I have been on the AD for 14 weeks now. I am starting my gaining phase but i am still stumped at how many calories and what macros i Should eat. 4000+ calories per day was recommended for my body weight (150 lbs), but when i write it all out i get 350+ grams of protein. Isn’t that too much? And going by CT’s advice, having fat at around 50% of total calories, that causes my protein to shoot up even more. What macros should i use? Any advice or tips or anything…let me know
thanks

[quote]GramboUSMC88 wrote:
I have been on the AD for 14 weeks now. I am starting my gaining phase but i am still stumped at how many calories and what macros i Should eat. 4000+ calories per day was recommended for my body weight (150 lbs), but when i write it all out i get 350+ grams of protein. Isn’t that too much? And going by CT’s advice, having fat at around 50% of total calories, that causes my protein to shoot up even more. What macros should i use? Any advice or tips or anything…let me know
thanks[/quote]

Your just starting your gaining phase now? What were you doing at 150lb. before this? As for how many calories to eat…if your not gaining you need to eat more, simple as that.

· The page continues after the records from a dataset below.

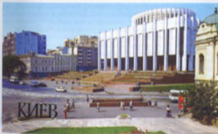
Український дім. Листівка, 1983

На місці перед Українським домом у 1804-1805 роках за проектом архітектора А.І. Меленського було збудовано перший Миський театр. Сучасна Європейська площа тоді мала назву Кінної, Садриба, на території якої постав театр, належала дружині архітектора А.І. Меленського Мар'їні Григорівні, яка мала намір
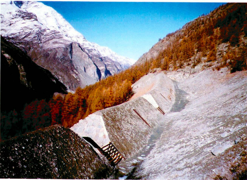
Bergsturz bei Randa, 1991.

Glissement de terrain près de Randa, 1991.
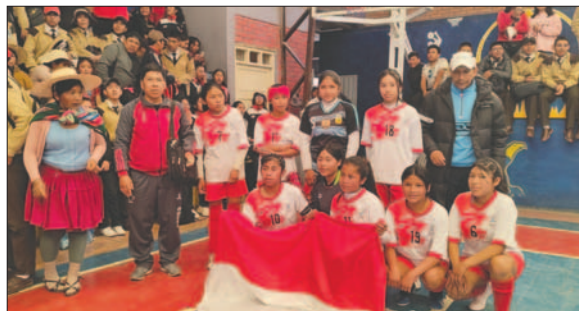
Bolivia Vinto el mejor en el fútbol de salón femenino / LA PATRIA

En voleibol femenino, el colegio Alemán de Oruro ocupó el primer puesto, seguido de Poopó en segundo lugar, Challapata en tercera posición y Huanuni en cuarto lugar. En voleibol masculino, el primer puesto se lo llevó el colegio Anglo Americano de Oruro, Challapata en segundo puesto, Escara en tercer lugar y Huanuni en la cuarta casilla.
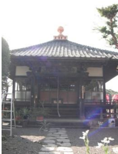
↑ 12年に一度に開扉される 武相観音十一面観音堂
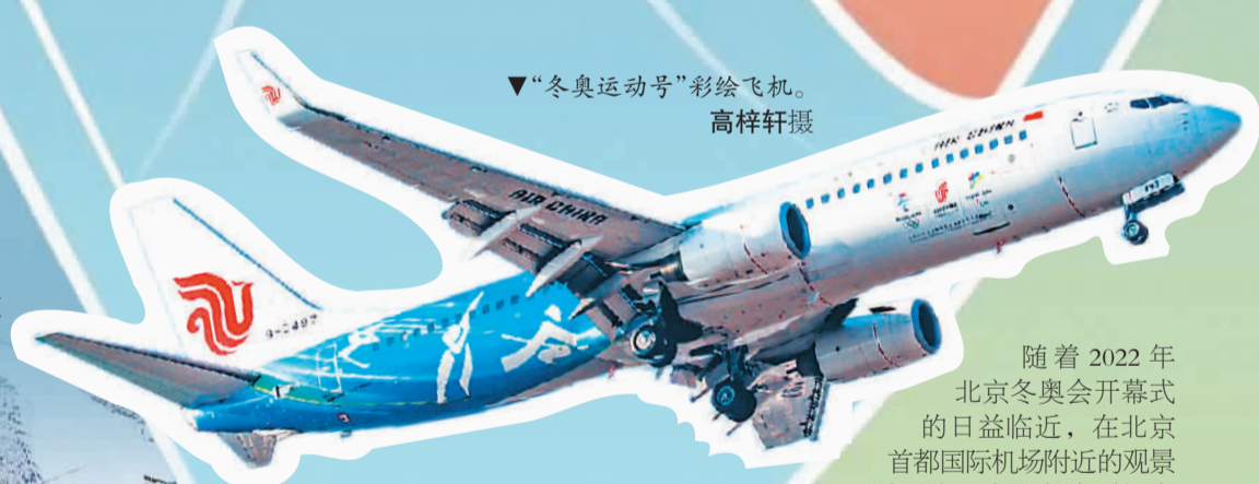
“冬奥运动号”彩绘飞机。

350g of protein is fine if thats how much you need as long as fat is high enough. Since you’ve been on it 14 weeks you could probably afford to drop fat to 50% although if you’re trying to gain I would keep it at 60%. This way you’ll be at 270g fat, 30g carbs, and 360g of protein. With higher fat you’ll have more fat you can take out when you eventually want to lean out.